*Record extracts*
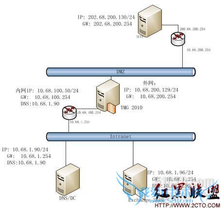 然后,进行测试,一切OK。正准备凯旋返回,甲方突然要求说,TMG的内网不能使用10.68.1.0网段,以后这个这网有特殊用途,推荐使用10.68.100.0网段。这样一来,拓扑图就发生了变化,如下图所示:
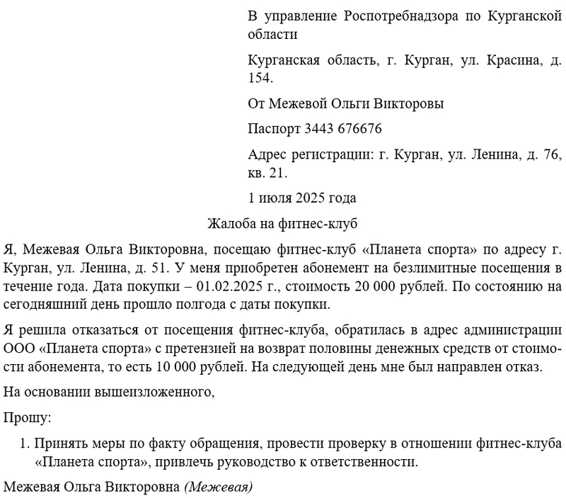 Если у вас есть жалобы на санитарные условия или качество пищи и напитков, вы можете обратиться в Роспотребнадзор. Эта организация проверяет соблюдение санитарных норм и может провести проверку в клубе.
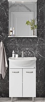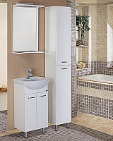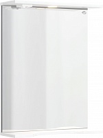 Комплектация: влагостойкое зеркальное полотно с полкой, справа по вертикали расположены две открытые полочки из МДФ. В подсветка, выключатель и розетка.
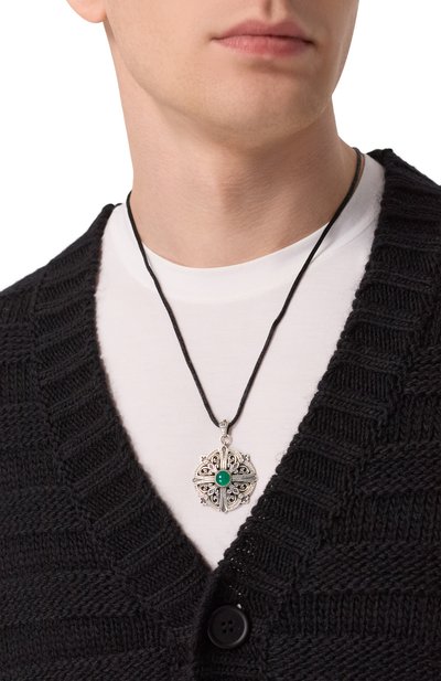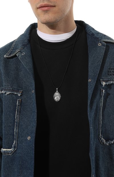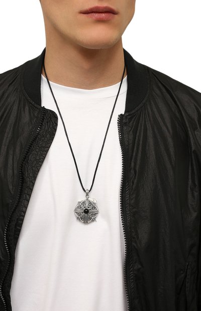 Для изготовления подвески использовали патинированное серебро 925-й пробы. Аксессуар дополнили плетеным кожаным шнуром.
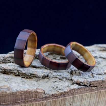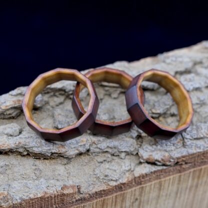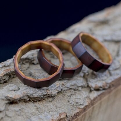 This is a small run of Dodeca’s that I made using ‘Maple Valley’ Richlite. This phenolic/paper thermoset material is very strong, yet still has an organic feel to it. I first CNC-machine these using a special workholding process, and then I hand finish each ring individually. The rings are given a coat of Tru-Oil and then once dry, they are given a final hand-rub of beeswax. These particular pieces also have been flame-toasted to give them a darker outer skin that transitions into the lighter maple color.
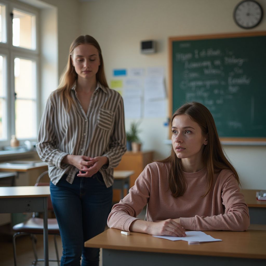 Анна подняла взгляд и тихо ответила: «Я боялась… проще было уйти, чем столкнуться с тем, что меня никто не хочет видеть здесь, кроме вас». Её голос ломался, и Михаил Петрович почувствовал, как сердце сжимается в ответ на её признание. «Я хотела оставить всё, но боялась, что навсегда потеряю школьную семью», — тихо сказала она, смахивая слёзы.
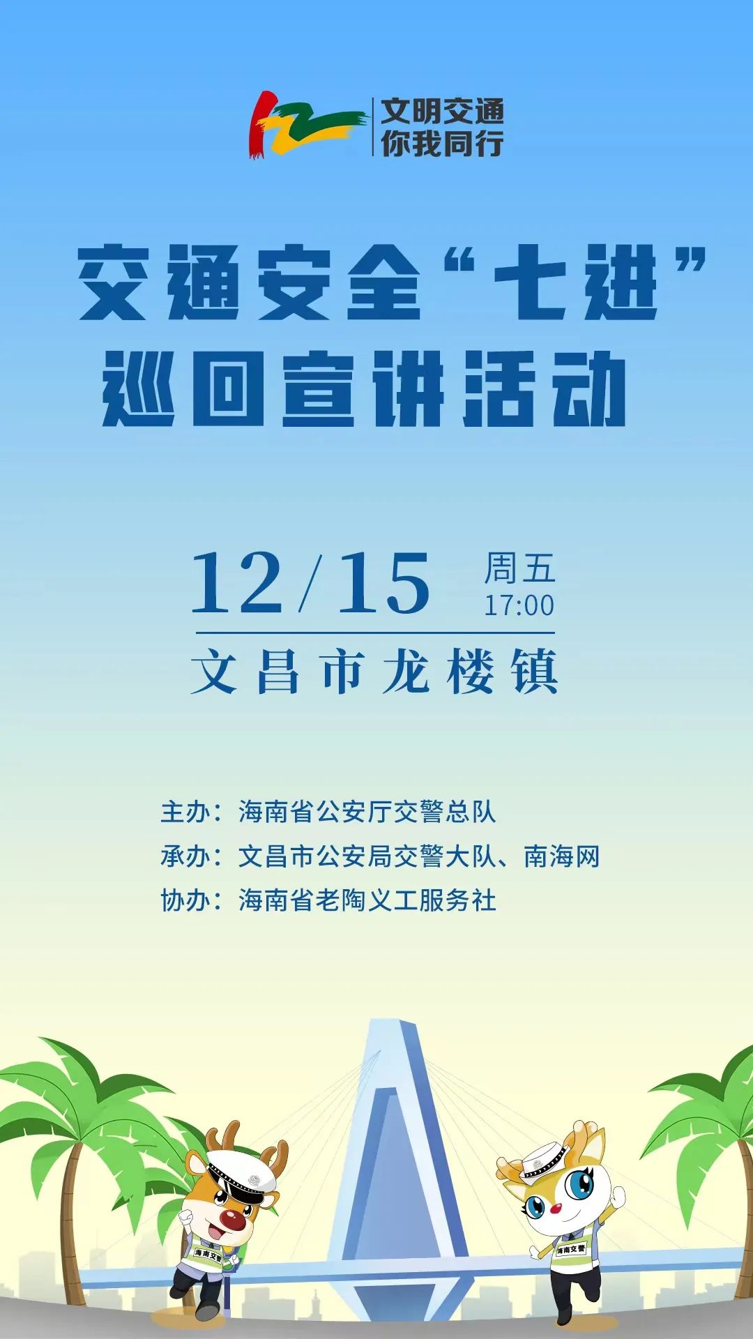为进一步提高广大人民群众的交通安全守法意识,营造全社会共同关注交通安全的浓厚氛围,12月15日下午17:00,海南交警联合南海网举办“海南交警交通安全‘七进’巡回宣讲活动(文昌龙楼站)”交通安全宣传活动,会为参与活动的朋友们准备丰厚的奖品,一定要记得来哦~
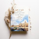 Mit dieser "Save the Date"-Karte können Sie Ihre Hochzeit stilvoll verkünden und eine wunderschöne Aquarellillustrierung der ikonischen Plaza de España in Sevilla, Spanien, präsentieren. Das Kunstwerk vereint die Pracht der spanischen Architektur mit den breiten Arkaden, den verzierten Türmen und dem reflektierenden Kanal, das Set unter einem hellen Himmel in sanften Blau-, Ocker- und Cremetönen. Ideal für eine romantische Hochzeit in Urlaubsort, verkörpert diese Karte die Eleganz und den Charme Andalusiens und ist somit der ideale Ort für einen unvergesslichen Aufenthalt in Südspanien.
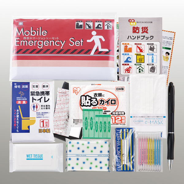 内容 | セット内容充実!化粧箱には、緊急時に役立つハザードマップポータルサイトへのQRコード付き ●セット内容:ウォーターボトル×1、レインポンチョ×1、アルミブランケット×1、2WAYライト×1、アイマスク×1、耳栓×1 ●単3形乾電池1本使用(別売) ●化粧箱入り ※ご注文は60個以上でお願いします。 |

...

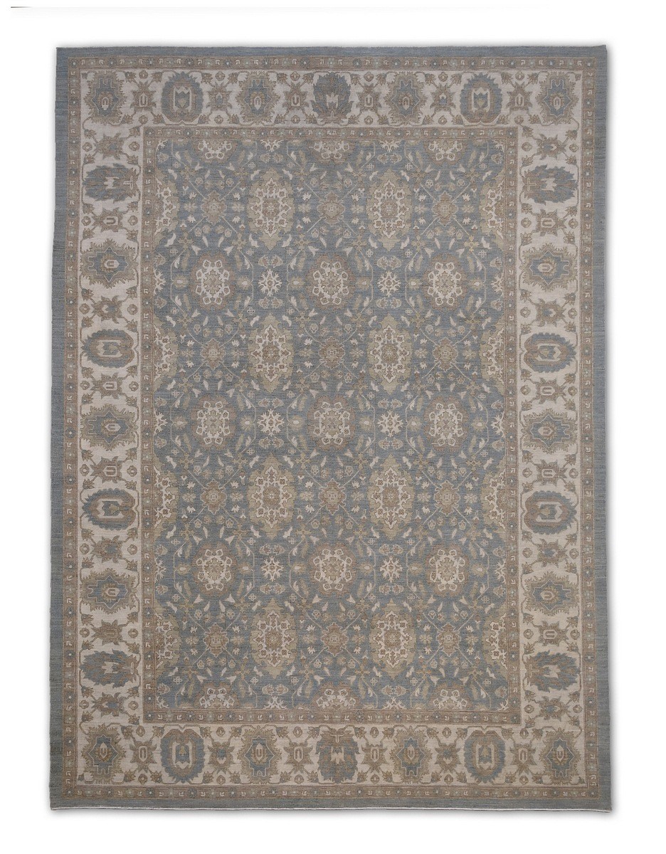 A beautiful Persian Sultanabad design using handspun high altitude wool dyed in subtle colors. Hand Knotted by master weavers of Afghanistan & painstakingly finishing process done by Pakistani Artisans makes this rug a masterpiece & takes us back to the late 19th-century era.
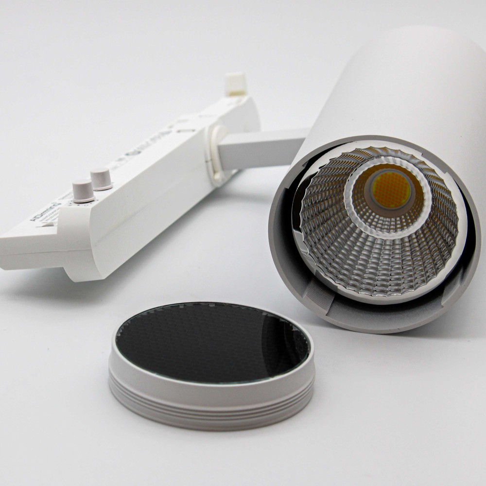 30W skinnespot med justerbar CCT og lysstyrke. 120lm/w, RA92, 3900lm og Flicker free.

*Task requirements*
With the pictures omitted, copy exactly the lines of the listing above starting at the line containing "Комплектация: влагостойкое зеркальное" and ending at the line containing "This is a small", both included.

*Answer space*
 Комплектация: влагостойкое зеркальное полотно с полкой, справа по вертикали расположены две открытые полочки из МДФ. В подсветка, выключатель и розетка.
 Для изготовления подвески использовали патинированное серебро 925-й пробы. Аксессуар дополнили плетеным кожаным шнуром.
 This is a small run of Dodeca’s that I made using ‘Maple Valley’ Richlite. This phenolic/paper thermoset material is very strong, yet still has an organic feel to it. I first CNC-machine these using a special workholding process, and then I hand finish each ring individually. The rings are given a coat of Tru-Oil and then once dry, they are given a final hand-rub of beeswax. These particular pieces also have been flame-toasted to give them a darker outer skin that transitions into the lighter maple color.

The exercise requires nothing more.